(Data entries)

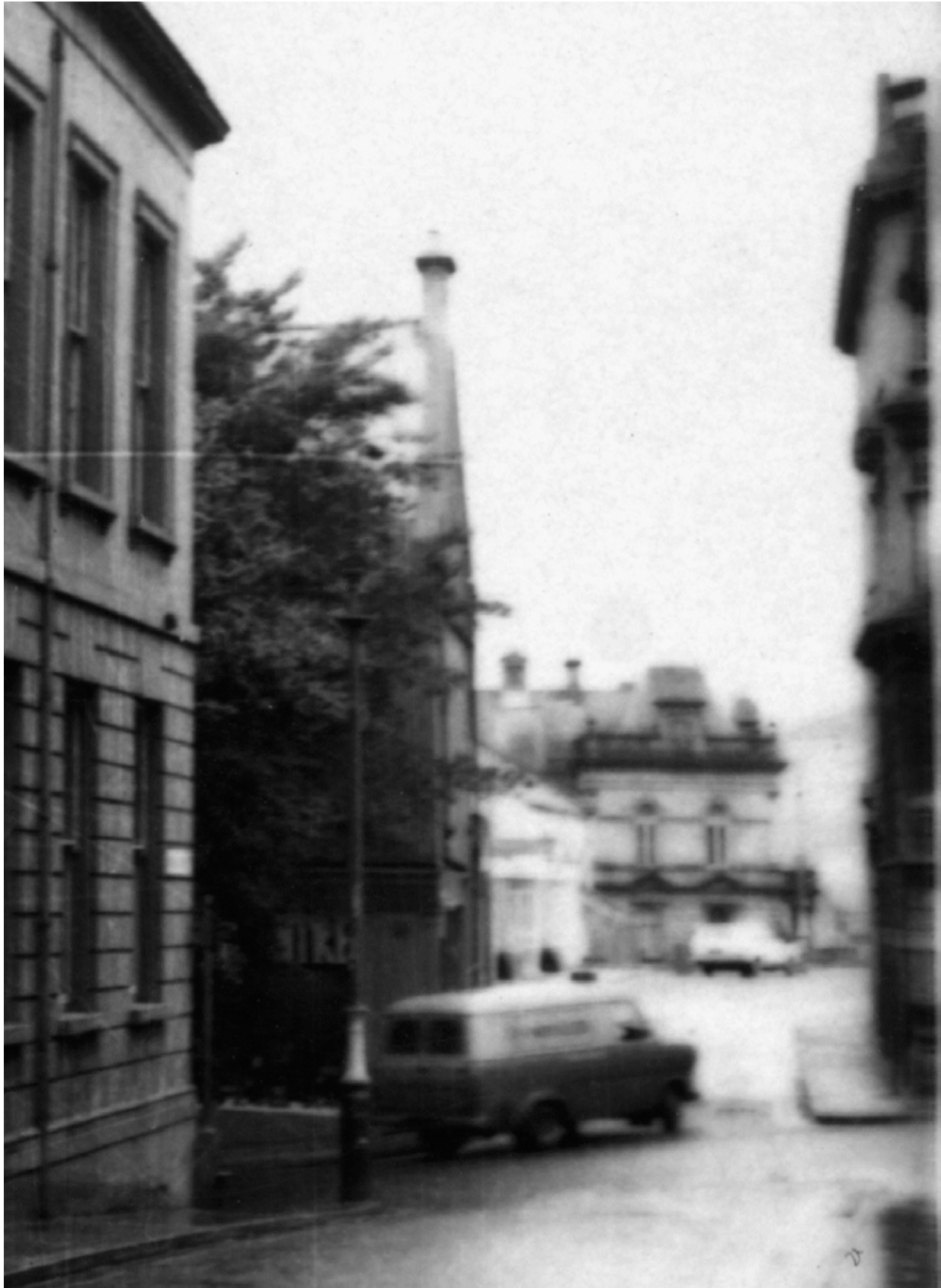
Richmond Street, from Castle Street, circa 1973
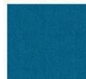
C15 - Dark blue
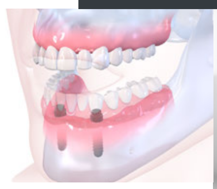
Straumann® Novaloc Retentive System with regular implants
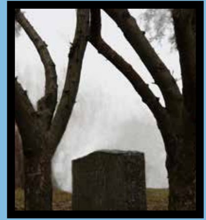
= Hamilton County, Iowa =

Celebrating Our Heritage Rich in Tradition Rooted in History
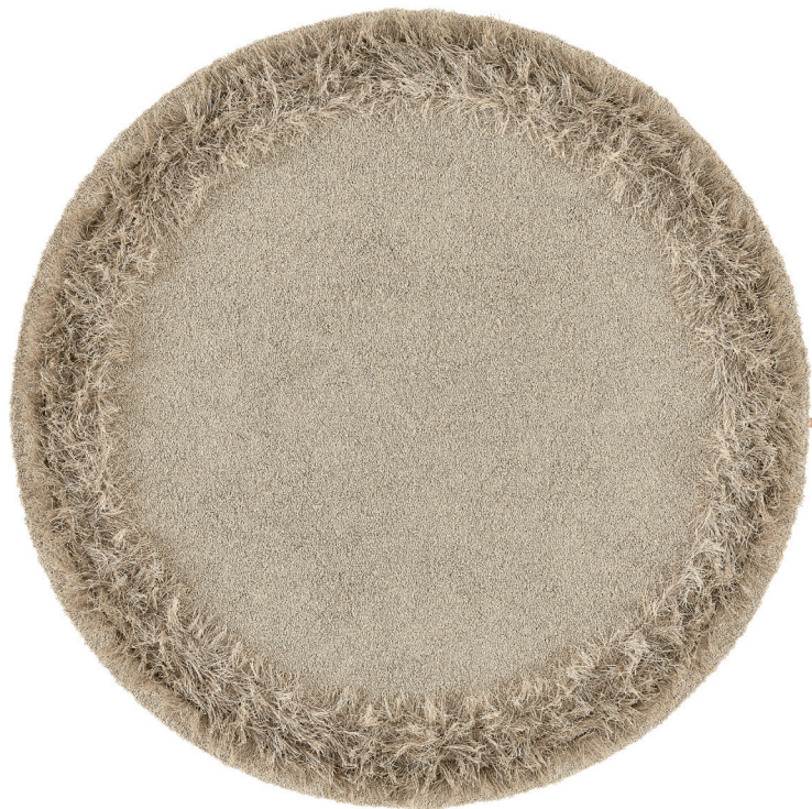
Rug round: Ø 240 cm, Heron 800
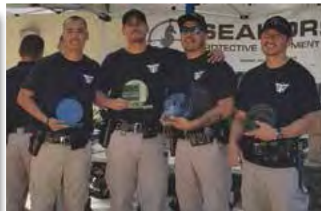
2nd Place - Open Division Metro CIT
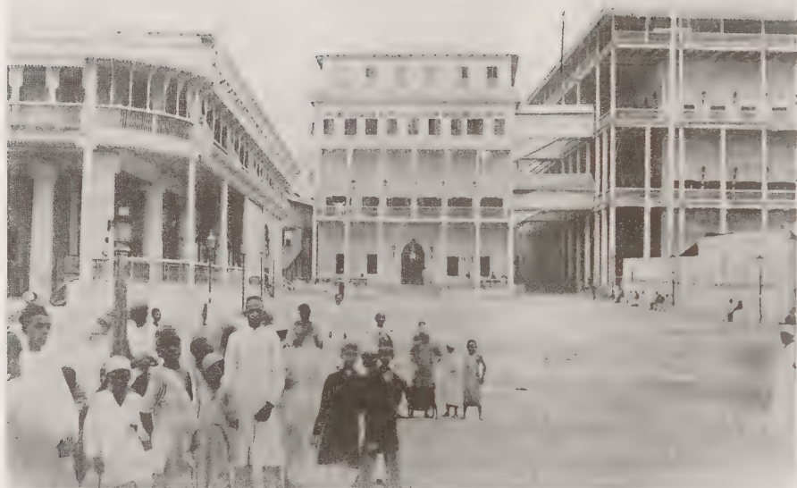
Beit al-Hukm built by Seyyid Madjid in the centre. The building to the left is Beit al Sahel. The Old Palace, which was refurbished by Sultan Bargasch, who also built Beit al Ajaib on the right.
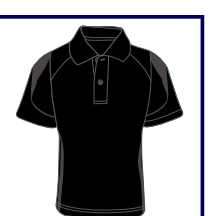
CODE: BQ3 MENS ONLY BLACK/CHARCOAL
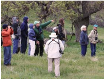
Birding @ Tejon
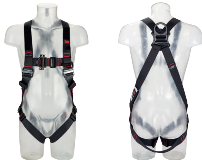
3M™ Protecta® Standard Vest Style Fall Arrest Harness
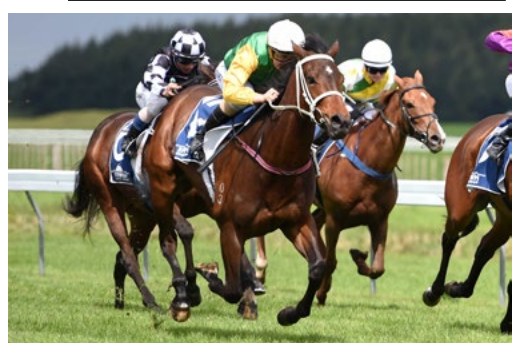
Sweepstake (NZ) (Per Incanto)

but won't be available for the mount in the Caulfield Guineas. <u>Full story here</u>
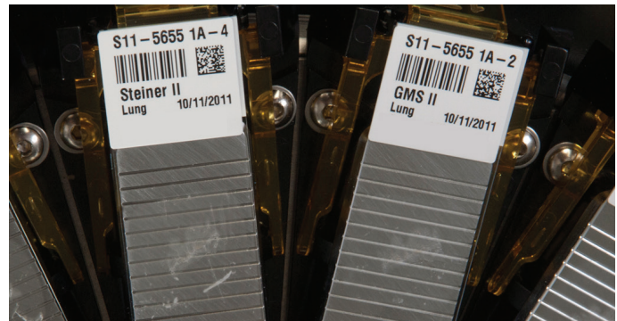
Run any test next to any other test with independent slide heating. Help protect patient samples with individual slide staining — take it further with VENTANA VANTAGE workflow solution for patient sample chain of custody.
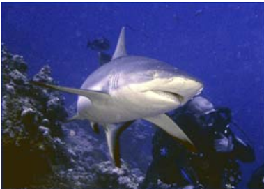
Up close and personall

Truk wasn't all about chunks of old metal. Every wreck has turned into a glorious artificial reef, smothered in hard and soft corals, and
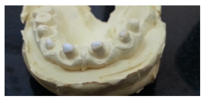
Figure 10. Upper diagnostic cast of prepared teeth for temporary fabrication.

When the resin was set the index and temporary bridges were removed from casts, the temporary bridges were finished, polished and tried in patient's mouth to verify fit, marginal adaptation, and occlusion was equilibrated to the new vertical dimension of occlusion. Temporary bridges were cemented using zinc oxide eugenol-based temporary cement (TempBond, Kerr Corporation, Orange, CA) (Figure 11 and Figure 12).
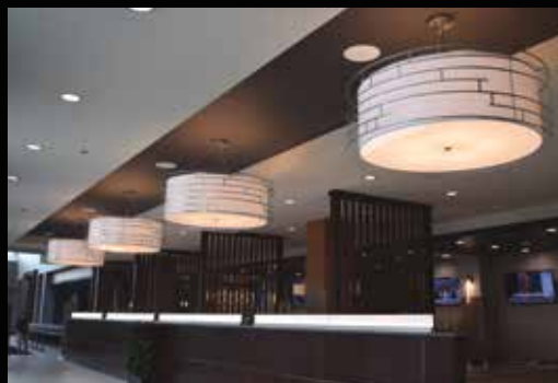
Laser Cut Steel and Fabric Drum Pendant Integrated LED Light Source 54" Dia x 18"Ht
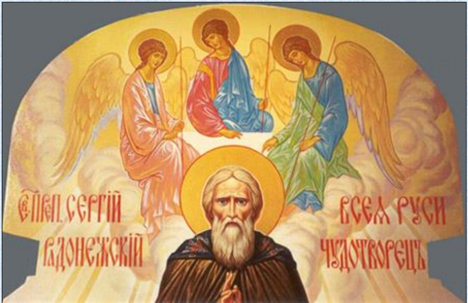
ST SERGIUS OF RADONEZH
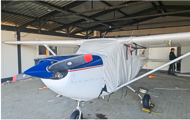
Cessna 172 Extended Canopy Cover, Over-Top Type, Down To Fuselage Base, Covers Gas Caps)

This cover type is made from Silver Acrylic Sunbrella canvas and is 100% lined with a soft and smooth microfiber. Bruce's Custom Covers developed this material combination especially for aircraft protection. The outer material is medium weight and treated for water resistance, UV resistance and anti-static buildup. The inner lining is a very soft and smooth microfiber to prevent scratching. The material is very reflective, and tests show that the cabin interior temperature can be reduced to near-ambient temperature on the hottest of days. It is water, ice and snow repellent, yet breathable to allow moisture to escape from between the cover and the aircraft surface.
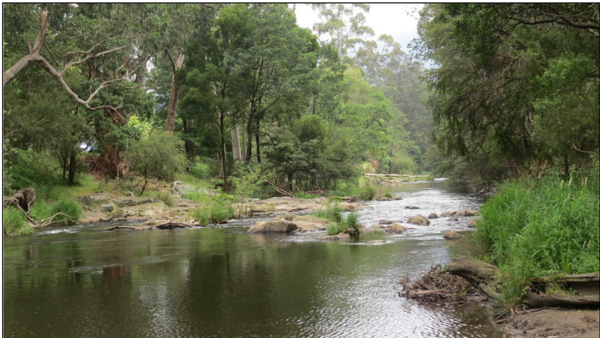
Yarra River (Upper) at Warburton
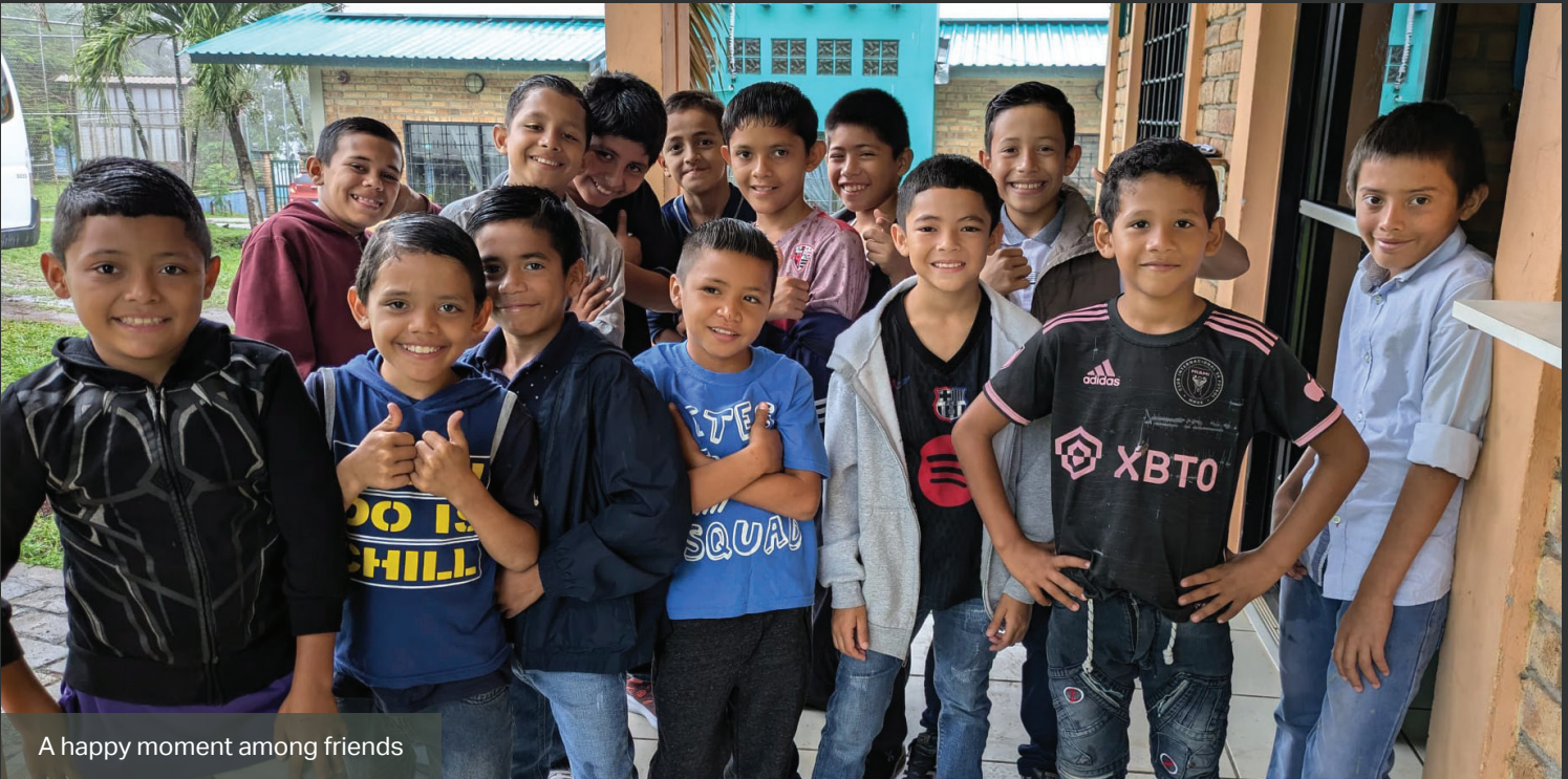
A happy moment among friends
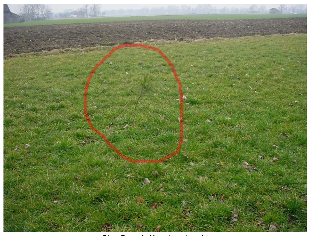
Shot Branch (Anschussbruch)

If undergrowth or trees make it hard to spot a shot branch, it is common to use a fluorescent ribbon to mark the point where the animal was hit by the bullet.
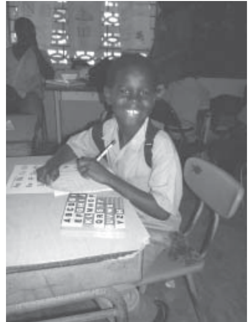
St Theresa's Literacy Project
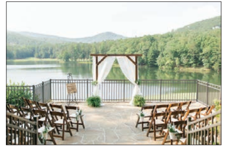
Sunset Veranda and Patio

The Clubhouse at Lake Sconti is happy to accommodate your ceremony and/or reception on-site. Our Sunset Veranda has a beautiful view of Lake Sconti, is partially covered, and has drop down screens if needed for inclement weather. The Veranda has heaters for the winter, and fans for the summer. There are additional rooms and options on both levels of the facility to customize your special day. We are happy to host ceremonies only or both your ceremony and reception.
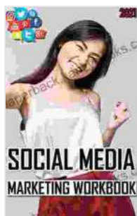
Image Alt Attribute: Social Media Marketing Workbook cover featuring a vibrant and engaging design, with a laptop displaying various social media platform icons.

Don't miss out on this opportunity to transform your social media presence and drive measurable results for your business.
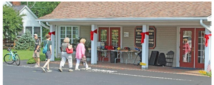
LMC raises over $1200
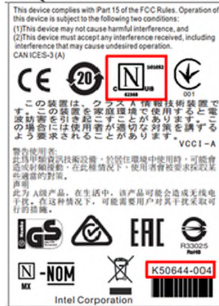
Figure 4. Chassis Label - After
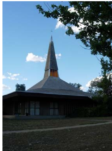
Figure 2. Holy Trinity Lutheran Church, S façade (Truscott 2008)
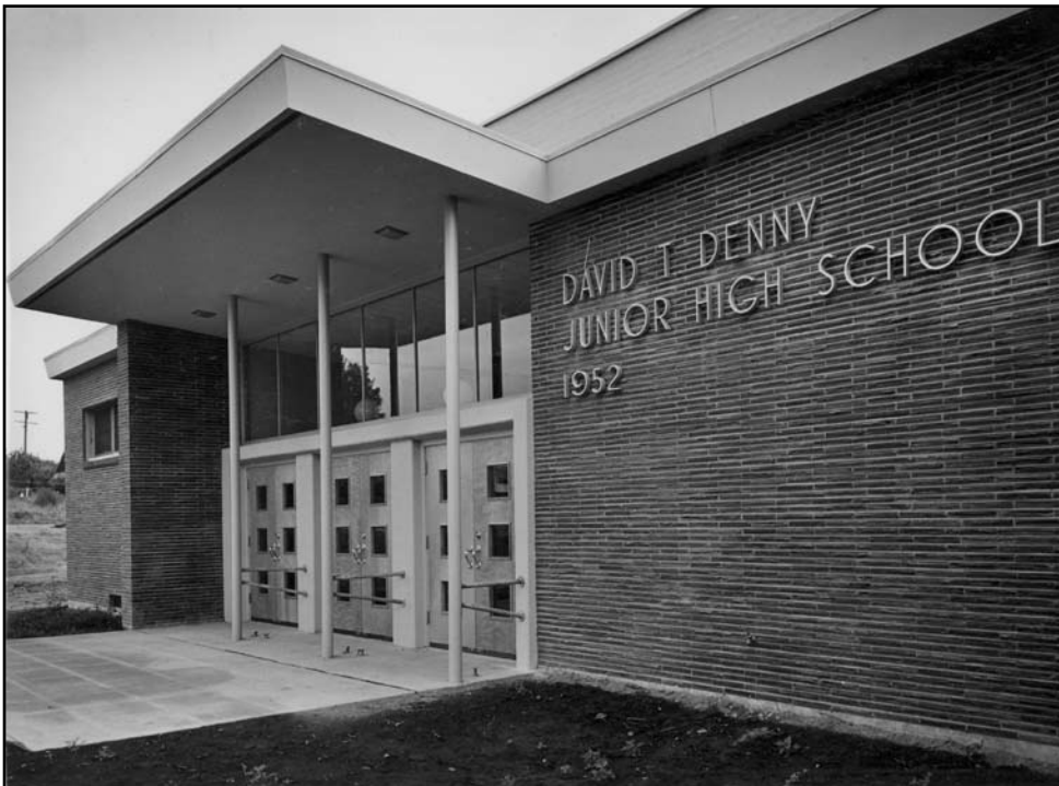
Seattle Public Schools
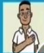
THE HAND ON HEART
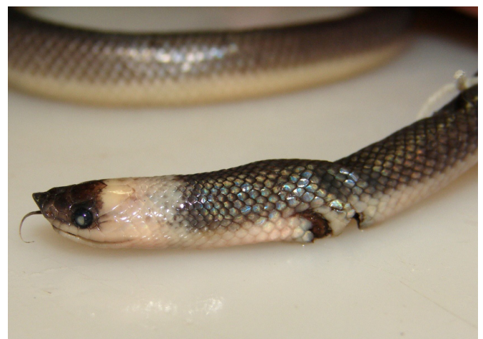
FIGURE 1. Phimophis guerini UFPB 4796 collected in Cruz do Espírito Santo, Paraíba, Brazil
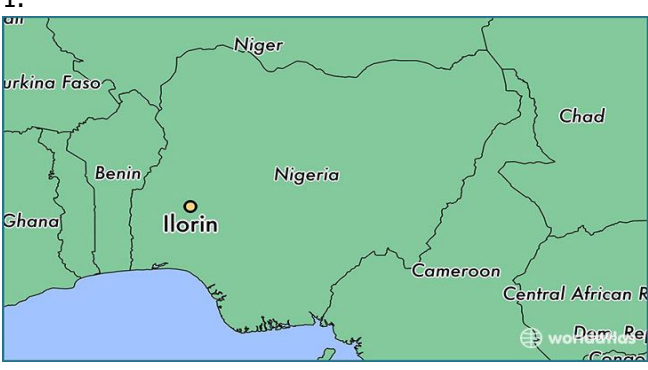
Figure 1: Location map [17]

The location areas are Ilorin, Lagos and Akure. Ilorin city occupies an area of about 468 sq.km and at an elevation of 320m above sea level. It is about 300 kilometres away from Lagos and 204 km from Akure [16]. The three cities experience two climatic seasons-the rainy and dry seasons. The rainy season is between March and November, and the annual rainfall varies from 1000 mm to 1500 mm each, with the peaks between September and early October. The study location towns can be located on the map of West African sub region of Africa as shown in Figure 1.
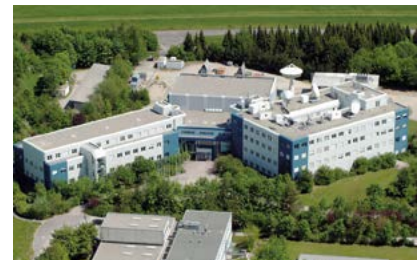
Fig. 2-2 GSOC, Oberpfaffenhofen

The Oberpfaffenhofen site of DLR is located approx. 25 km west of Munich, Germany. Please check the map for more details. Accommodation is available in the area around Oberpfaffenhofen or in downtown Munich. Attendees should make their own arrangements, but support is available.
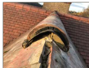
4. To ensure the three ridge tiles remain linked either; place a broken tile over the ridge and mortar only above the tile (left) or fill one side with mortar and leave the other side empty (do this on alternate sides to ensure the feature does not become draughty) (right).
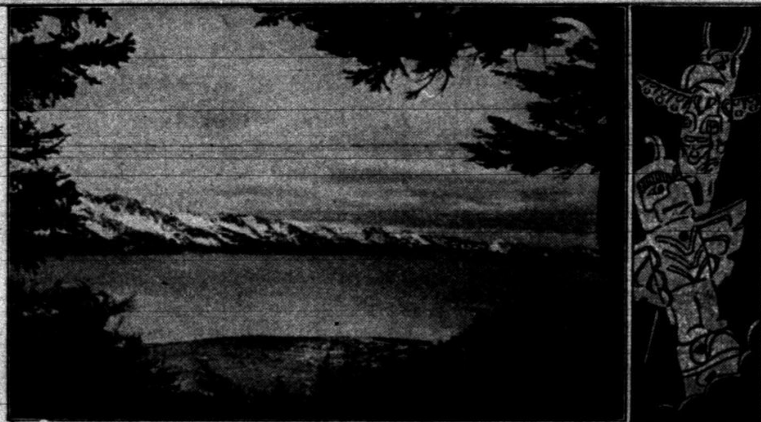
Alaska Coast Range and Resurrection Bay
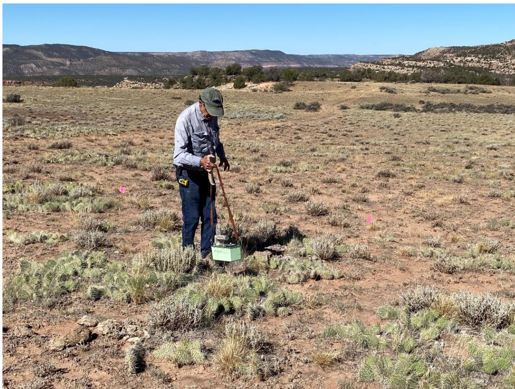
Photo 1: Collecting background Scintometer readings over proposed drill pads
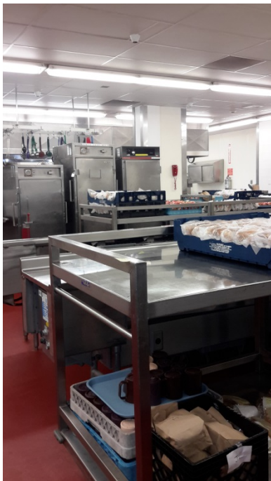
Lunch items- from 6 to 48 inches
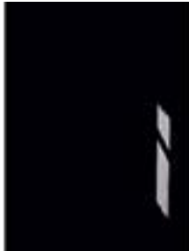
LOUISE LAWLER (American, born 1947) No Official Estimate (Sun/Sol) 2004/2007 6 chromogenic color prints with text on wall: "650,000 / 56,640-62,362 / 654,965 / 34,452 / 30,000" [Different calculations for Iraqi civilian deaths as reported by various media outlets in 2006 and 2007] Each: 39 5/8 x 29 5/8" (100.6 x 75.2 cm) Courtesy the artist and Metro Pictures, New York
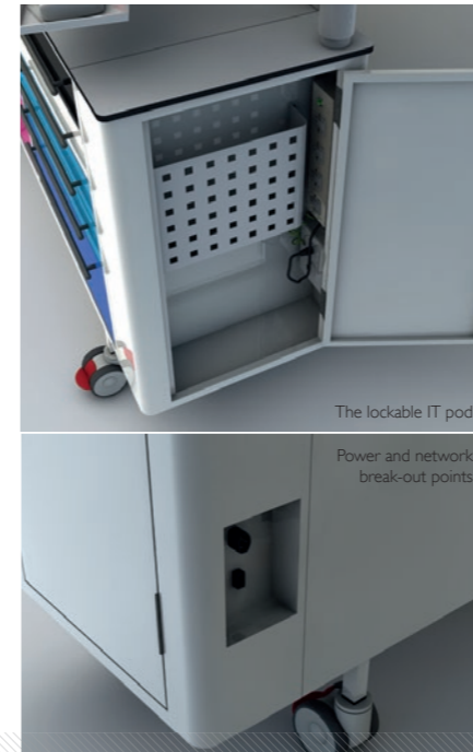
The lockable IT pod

Problem requirements: Above are some entries; copy exactly the lines from the line with "If undergrowth or" through the line with "Sunset Veranda and Patio", both included, but none of the pictures.

Written solution:
If undergrowth or trees make it hard to spot a shot branch, it is common to use a fluorescent ribbon to mark the point where the animal was hit by the bullet.
St Theresa's Literacy Project
Sunset Veranda and Patio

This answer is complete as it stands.